1. To explain a new issue: Paper is the first person to formally form a “automatic failure attribution” as a specific research work. This job has been described by identifying it Agent responsible for failure And The decision of the decisive error This led to a failure of work.
2. First Benchmark Mark Dataset Build: Who And When : This datastate includes a wide range of failure collected from 127 LLM multi -agent system, which was algorithfully manufactured or handmade by experts to ensure realism and diversity. Each failure’s logs are with fine human interprets with fine:
WHO: Agent responsible for failure.
While: The specific interaction phase where a decisive error has occurred.
Why?: A natural language description of failure.
3. Initial “automatic attribution” methods: Who and when using dataset, evaluates three separate methods for paper design and automatic failure attribution:
-With one another: This procedure provides LLM with user inquiry and full failure log, which is asked to identify the responsible agent and decisive error step in one pass. While cost effective, it can struggle to identify precise mistakes in long contexts.
-The approach: This approach imitates manual debugging through LLM, which reviews the login of interaction, unless the mistake is made to make a decision at every step. This is more precise to find the error phase, but there are high costs and errors collecting risks.
– Binary Search: A compromise between the first two ways, this strategy repeatedly divides the log into half, using LLM to determine which segment contains error. Then, by offering a balance of cost and performance, it repeatedly searches the identified segment.
Experimental results and key results
Experiments were carried out in two settings: one where the LLM knows that the ground is a true response to the ground that is trying to solve the multi -agent system (With the ground truth) And one where it does not do (Without the ground truth) The used primary model was GPT4O, though other models were also tested. Organized diagnosis of these methods when receiving multiple important insights on WHO and Dataset:
As for, as. A long journey to go: The current methods are far from perfect. Even the only way to perform the best performer got the accuracy about 53.5 % Responsible agent and merely identify 14.2 % In identifying the exact error phase. Some methods performed worse than a random guess, clarifying the difficulty of work.

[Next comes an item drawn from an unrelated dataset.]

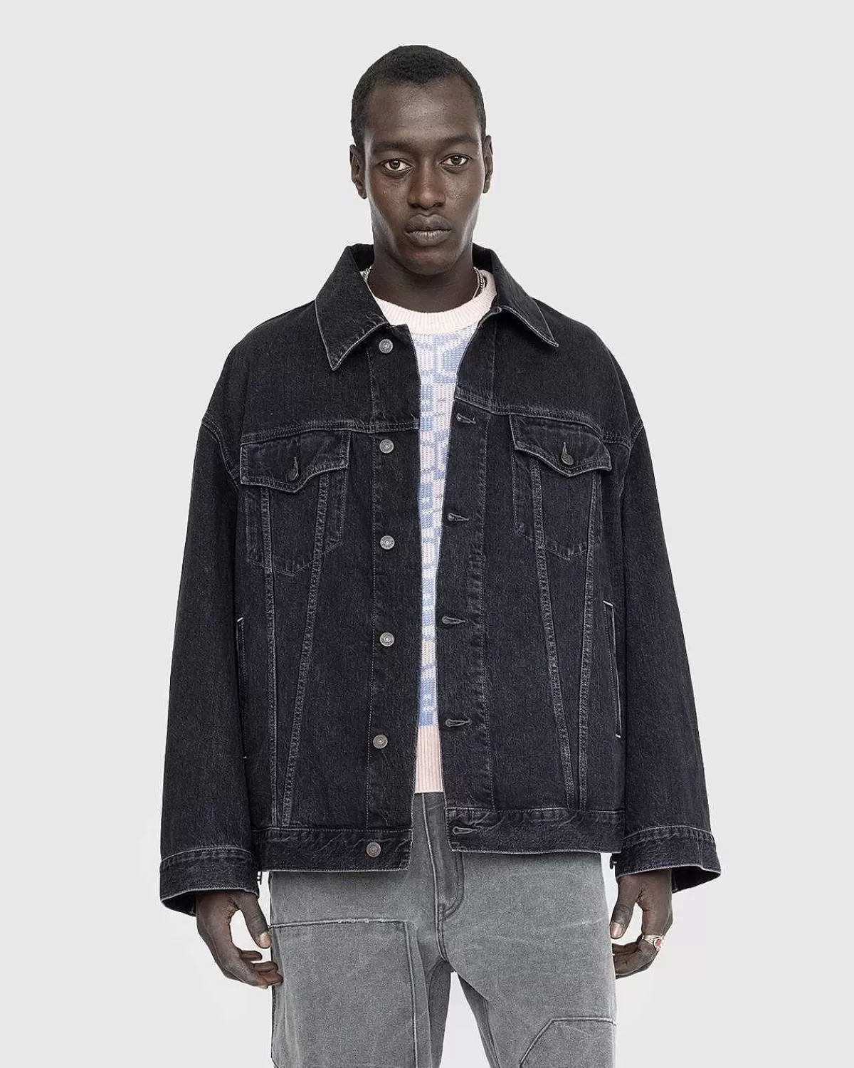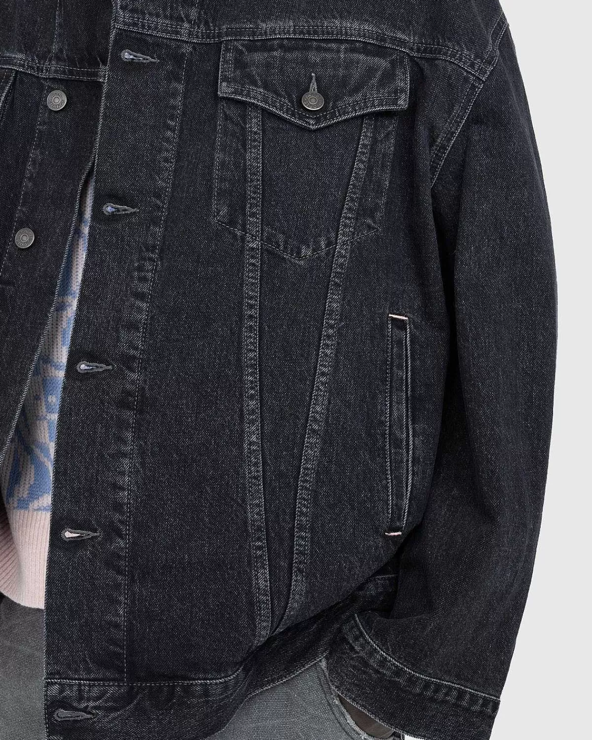 En Overdimensioneret Denimjakke Vil Øjeblikkeligt Bringe En Ekstra Dimension Til Din Garderobe. Denne Særlige Take By Acne Studios Kommer I En Alsidig Sort Vask, Konstrueret Af Økologisk Dyrket Bomuld. Jakken Er Skåret Til En Overstørrelse Unisex Pasform Og Er Yderligere Defineret Af Dens Ekstra Lange Ærmer. Yderligere Detaljer Inkluderer En Klassisk Krave, Faldede Skuldre, Knaplukning Foran, Knapmanchetter Og Knapflige Forneden. Lommer Er Ikke Kun Indbygget På Brystet, Men Også I Siderne Til Dine Hænder.

As for, as. No “all in a” solution: Different methods perform well on different aspects of the problem. Once The procedure is better at indicating “who” Step -by -step The procedure is more effective in determining “when”. Binary search The method provides medium ground performance.
As for, as. Hybrid view shows promise but at higher costResearchers found that combining different ways, such as using each other’s approach to identify a potential agent and then applying a step -by -step method to find the error, can improve overall performance. However, it comes with a significant increase in computational costs.
-The struggle of the most models: Surprisingly, models of the latest reasoning such as Openi O1 and Dupic R1 also challenge the task.- It highlights the hereditary difficulty of automatic failure attribution, which demands far more reasoning than it is needed for more traditional tasks.
As for, as. The importance of obvious reasoningProviding clear indications in which LLM needs to explain its reasoning in once and step -by -step methods, shown to improve performance.
As for, as. The length of context is a limited factor: The study also revealed that as the length of failure logs increases, the performance of all the attribution methods decreases, which has a more clear effect on the accuracy of the error phase.
As for, as. Future Outlook: To pave the way for a more reliable multi -agent system
“Automatic failure attribution” is an important component in the development life of the multi -agent system. It has the ability to change the challenge of identifying “what is wrong and who is accused” with a surprising and analyzing issue. With the construction of a bridge between diagnosis and improvement, we can eventually create a multi -agent system that is more reliable, intelligent and reliable.